Publicado por: Servus Cordis Iesu

Si, por una parte, vemos con dolor que en algunas regiones el sentido, el conocimiento y el estudio de la liturgia son a veces escasos o casi nulos, por otra observamos con gran preocupación que en otras hay algunos, demasiado ávidos de novedades, que se alejan del camino de la sana doctrina y de la prudencia; pues con la intención y el deseo de una renovación litúrgica mezclan frecuentemente principios que en la teoría o en la práctica comprometen esta causa santísima y la contaminan también muchas veces con errores que afectan a la fe católica y a la doctrina ascética.

La pureza de la fe y de la moral debe ser la norma característica de esta sagrada disciplina, que tiene que conformarse absolutamente con las sapientísimas enseñanzas de la Iglesia. Es, por tanto, deber nuestro alabar y aprobar todo lo que está bien hecho, y reprimir o reprobar todo lo que se desvía del verdadero y justo camino.

Hay en la actualidad, venerables hermanos, quienes, acercándose a errores ya condenados, dicen que en el Nuevo Testamento sólo se entiende con el nombre de sacerdocio aquel que atañe a todos los bautizados; y que el precepto que Jesucristo dio a los Apóstoles en su última cena, de hacer lo que Él mismo había hecho, se refiere directamente a todo el conjunto de los fieles; y que sólo más adelante se introdujo el sacerdocio jerárquico. Por lo cual creen que el pueblo tiene verdadero poder sacerdotal, y que los sacerdotes obran solamente en virtud de una delegación de la comunidad. Por eso juzgan que el sacrificio eucarístico es una estricta “concelebración”, y opinan que es más conveniente que los sacerdotes “concelebren” rodeados de los fieles que no que ofrezcan privadamente el sacrificio sin asistencia del pueblo. El sacerdote representa al pueblo sólo porque representa la persona de nuestro Señor Jesucristo, que es Cabeza de todos los miembros por los cuales se ofrece; y que, por consiguiente, se acerca al altar como ministro de Jesucristo, inferior a Cristo, pero superior al pueblo. El pueblo, por el contrario, puesto que de ninguna manera representa la persona del divino Redentor ni es mediador entre sí mismo y Dios, de ningún modo puede gozar del derecho sacerdotal.

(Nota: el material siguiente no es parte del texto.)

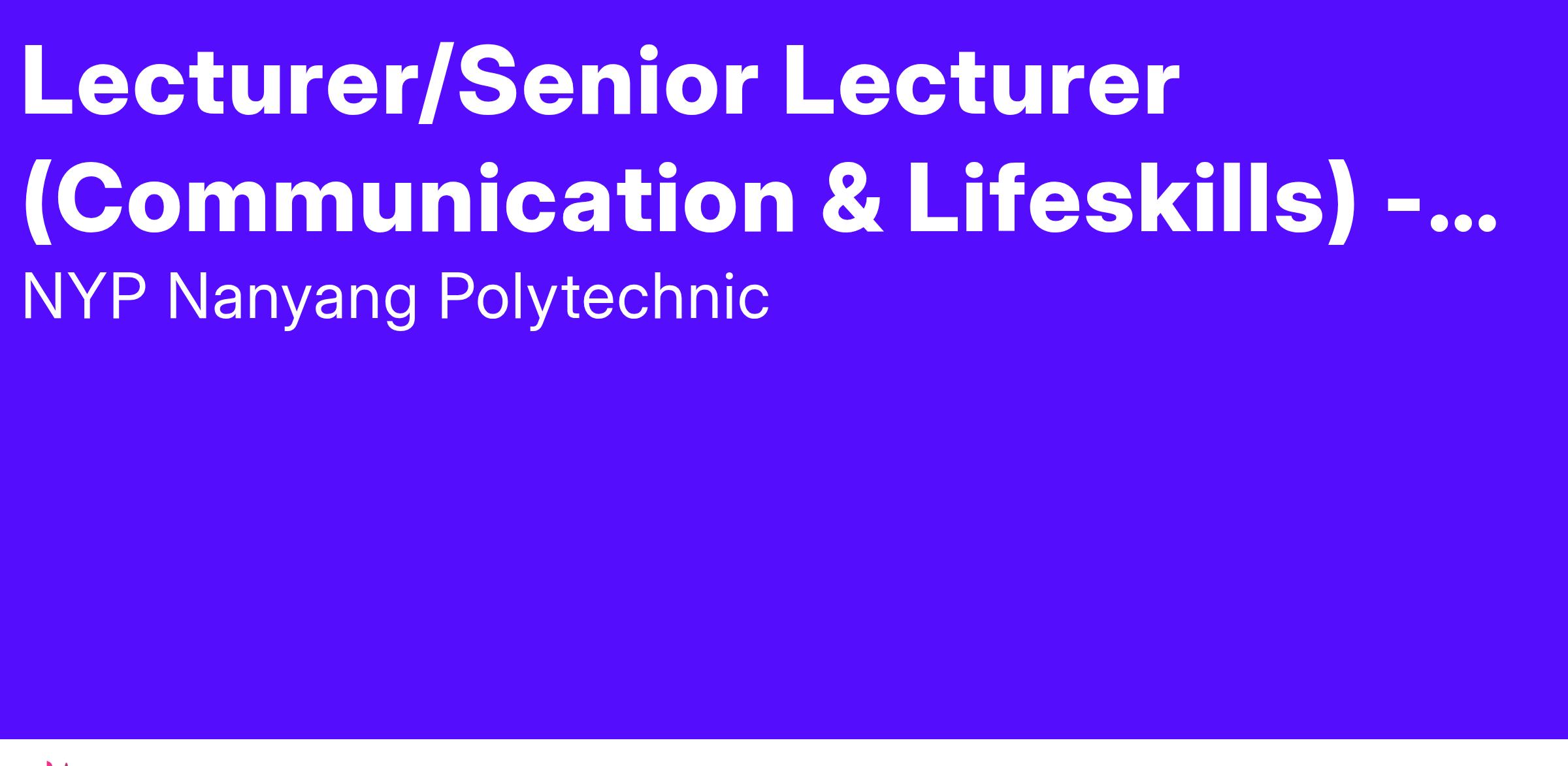 - Develop and/or conduct lessons (e.g., lectures, tutorials, seminars, project supervision, etc.) pertaining to English, interpersonal communication and other lifeskills-related subjects (e.g., critical thinking, innovation, interpersonal & collaboration skills, etc.) for Pre-Employment Training (PET) or Continuing Education and Training (CET) learners, particularly in the health and social sciences domain.

El augusto sacrificio del altar termina con la comunión del divino banquete. Sin embargo, como todos saben, para la integridad del mismo sacrificio se requiere sólo que el sacerdote se nutra con el alimento celestial, y no que también el pueblo -cosa que, por lo demás, es muy deseable- se acerque a la sagrada comunión. Nos place reiterar a este propósito las advertencias que nuestro predecesor Benedicto XIV escribe acerca de las definiciones del concilio Tridentino: “En primer lugar hemos de decir que a ningún fiel se le puede ocurrir que las misas privadas, en las cuales sólo el sacerdote recibe la Eucaristía, pierdan por esto el valor del verdadero, perfecto e íntegro sacrificio instituido por Cristo Señor Nuestro, y que por lo mismo hayan de considerarse ilícitas. Pues los fieles no ignoran, o por lo menos pueden fácilmente ser instruidos en ello, que el sacrosanto concilio de Trento, fundado en la doctrina que ha conservado la perpetua tradición de la Iglesia, condenó la nueva y falsa doctrina contraria de Lutero”. “Quien dijere que las misas en que sólo el sacerdote comulga sacramentalmente son ilícitas, y que, por lo mismo, hay que suprimirlas, sea anatema”.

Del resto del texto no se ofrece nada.